Overall, West Yorkshire Police have seen a loss of around 1,200 officers. West Yorkshire Police Federation chairman Nick Smart is clear about the result: "To say it’s had no effect on frontline policing is just a nonsense.” Yet for years the Conservatives have argued just this, with the Prime Minister recently telling MPs that crime was at a record low, and ministers frequently arguing that the changing nature of crime means that the number of officers is a poor measure of police effectiveness. These figures today completely debunk that myth.

Constituents are also increasingly coming to me with concerns that crimes are not investigated once they are reported. Where the police simply do not have the resources to follow-up and attend or investigate crimes, communities lose faith and the criminals grow in confidence.
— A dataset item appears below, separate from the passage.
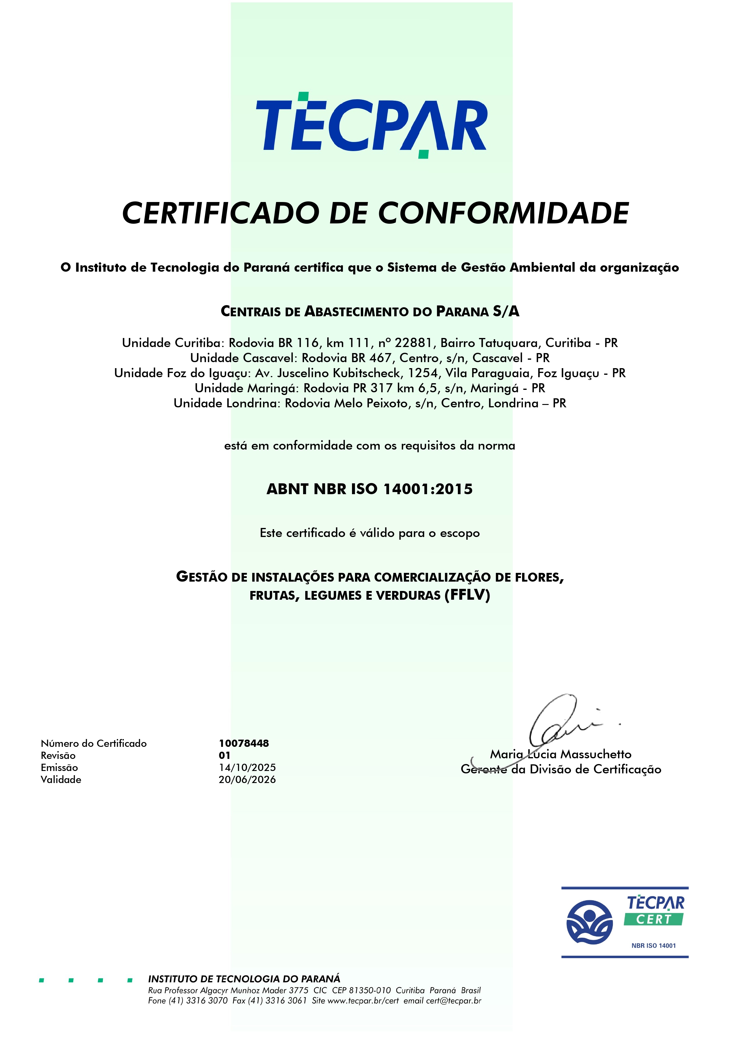 “A certificação de todas as unidades da Ceasa Paraná pela NBR ISO 14001:2015 é um marco histórico para a nossa instituição e um motivo de orgulho para todos os colaboradores. Essa conquista representa o reconhecimento de que nossas operações em todo o estado estão alinhadas a padrões internacionais de excelência em gestão ambiental”, afirmou o diretor-presidente Eder Eduardo Bublitz, em mensagem enviada a todos os colaboradores.

A frequently overlooked part of this discussion is that the demands on police have increased hugely, often in some unexpected ways. A clear example of this is that cuts in our mental health services have resulted in police officers having to deal with mental health issues in the custody suite. While on shift with the police last year, I saw how an average night included a series of people detained under the Mental Health Act. Due to a lack of specialist beds, vulnerable patients were held in a police cell, or even in the back of a police car, for their own safety. We should all be concerned that the police are becoming a catch-all for the state’s failures.

While the politically charged campaign to restore police numbers is ongoing, Protect The Protectors is seeking to build cross-party support for measures that would offer greater protections to officers immediately. In February, the Police Federation of England and Wales released the results of its latest welfare survey data which suggest that there were more than two million unarmed physical assaults on officers over a 12-month period, and a further 302,842 assaults using a deadly weapon.

This is partly due to an increase in single crewing, which sees officers sent out on their own into often hostile circumstances. Morale in the police has suffered hugely in recent years and almost every front-line officer will be able to recall a time when they were recently assaulted.

If we want to tackle this undeniable rise in violent crime, then a large part of the solution is protecting those who protect us; strengthening the law to keep them from harm where possible, restoring morale by removing the pay cap, and most importantly, increasing their numbers.

Holly Lynch is the MP for Halifax. The Protect the Protectors bill will get its second reading on the Friday 20th October.